It takes a lot of skills to build successful analytic products. (Bradford Cross outlined the process well). The roles, defined in a spectrum from customer to researcher might look like this, although the continuum is not strictly speaking accurate (click to enlarge):
Note that customer participation during the entire process is not optional if you’re trying to make money.
In a big company, you might see one person occupying each of these roles. Of course, as team size increases communication overhead rises and rapid release becomes impossible. This can be mitigated by assigning only three people to a product at a time who’s skills cover most of these areas, and lending them expert resources in areas they are short, only as needed.
Analytic products are such a such a multidisciplinary undertaking that in a data startup a founding team is at minimum three people. Ideally all are founders. There are probably exceptions, but that is the minimum number of bodies required to flesh out all these areas with passionate people who share the vision and are deeply invested in the success of the company. Someone needs to be good at and enjoy each of these roles.

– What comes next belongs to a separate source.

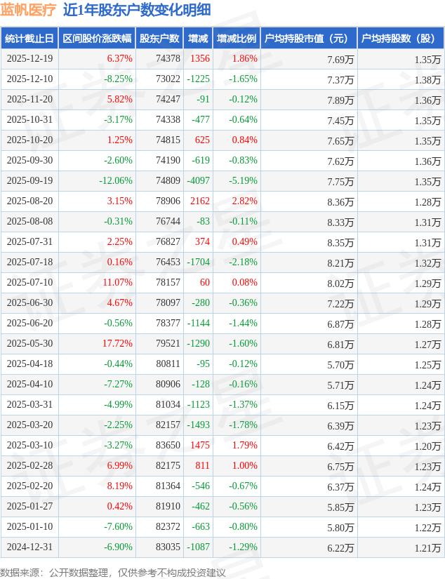 从股价来看,2025年12月10日至2025年12月19日,蓝帆医疗区间涨幅为6.37%,在此期间股东户数增加1356.0户,增幅为1.86%。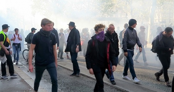 Paris'te 6 işçi sendikasının organize ettiği hükümetin sosyal politikalarını protesto gösterisine, yaklaşık 35 bin kişinin katıldığı belirtildi. Gösteri güzergahında polis sıkı güvenlik önlemleri alırken, kırma dökme ve yağmalama olaylarına karşı bazı cadde ve sokaklar kapatıldı. Yüzleri maskeli bazı öğrencilerin polise taş atmaları nedeniyle gergin anlar yaşandı.

Of course, the split doesn’t have to look like that. It could look many ways:
In the second configuration, one of you is the customer. That is ideal because you are building for the guy ‘on the next bench,’ (Steve Blank’s phrase, refers to the next soldering bench and the fact that silicon valley always worked this way until quite recently) but it doesn’t replace customer development.
The third configuration is more eclectic. The point being that there is no right answer, but you’d better have these bases covered.
For an analytics product, this is the customer development team. Nobody is in charge and everyone participates. Build a minimal v0.1 inside of one month that expresses your core insight and some key feature of the data. Then drive, fly or swim to a real customer and introduce them to your application in person. Give them access and keep them clicking each alpha release. Log everything. Monitor and evolve your metrics. If you lose your alpha users, pivot.